Note: The following reflection was written by Sr. Marie Lucey, director of advocacy of the Franciscan Action Network.
It is hard to let go of the Advent and Christmas Seasons and move into Ordinary Time, especially since we expect 2017 to be anything but “ordinary” in political and geo-political terms. We have been nourished by prophetic visions and nativity stories of angels, dreams, and stars centered on the Child, Emmanuel, hope for the world.Epiphany closes the Season with the manifestation of the Christ Child to the Gentiles, with magi from the East bringing rich gifts and bowing in homage to the Child.

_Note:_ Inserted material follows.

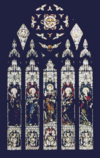 The east window commemorates the Thomas family famous for its national industrial achievements in the founding of the South Wales Steel Industry, and having begun in a modest way at the Lydbrook Tin Works. The window depicts the four evangelists - Matthew, Mark, Luke and John, with Christ the King at the centre. Below each of the Evangelists is an Angel holding a shield portraying the Evangelist's symbol. Below Christ are two Angels holding a shield bearing his name (IHS = JES). Above the Risen Christ is the Holy Spirit in the form of a Dove radiating down. To each side of the Dove is an Angel, respectively holding shields bearing the initials Alpha and Omega. Originally the Window was provided by Richard and Ann Thomas in memory of their children. The original inscription on the brass plaque ran "To the Glory of God, and in memory of the following members of the Thomas Family - William George, Sydney Lovelock and Ann Lillian, who rest in this Churchyard, Samuel Treherne and Alfred Ivor, interred at Lantwit, Neath, and Stanley Rendell, interred at the English Cemetery, Rome". The Window was dedicated 20 October 1908 by the Bishop of Gloucester. Sometime after 1917, with the deaths of Richard (1916) and Ann Thomas (1914), and Richard Beaumont and Elizabeth Mabel their children, a new plaque replaced the original with the additional names.

Even in this wondrous story of revelation, however, a shadow is cast, as the magi are warned in a dream not to return to lying Herod who plots to kill the Child. In fact, woven through the nativity stories are shadows of uncertainty, fear and doubt. Zechariah is struck mute because he doubts the angel. Joseph is greatly disturbed by Mary’s pregnancy and struggles about what to do until he is directed in his dreams. Mary is startled by the angel’s seemingly preposterous message. Uncertain, she asks her question, then proclaims her trusting Yes. Ordered by the tyrant, she and Joseph set out on a rough journey even though she is close to her time to deliver.
Through the years we have sugar-coated these stories with a bit of Hallmark romanticizing for our own comfort. Perhaps this year we will be more conscious of the shadows and take hope for our time. Isaiah’s marvelous visions came out of a time of struggle and anxiety. The time of Jesus and the gospel writers was a time of oppression, violence, and threats by both civic and religious leaders. Epiphany is marked by both a star and a shadow. In our shadow times, may we not lose sight of the star. May we trust the vision of Isaiah: “See, darkness covers the earth and thick clouds the peoples; but upon you the Lord shines…”; and the assurance of the psalmist: “Justice shall flower in his days and profound peace, till the moon be no more.”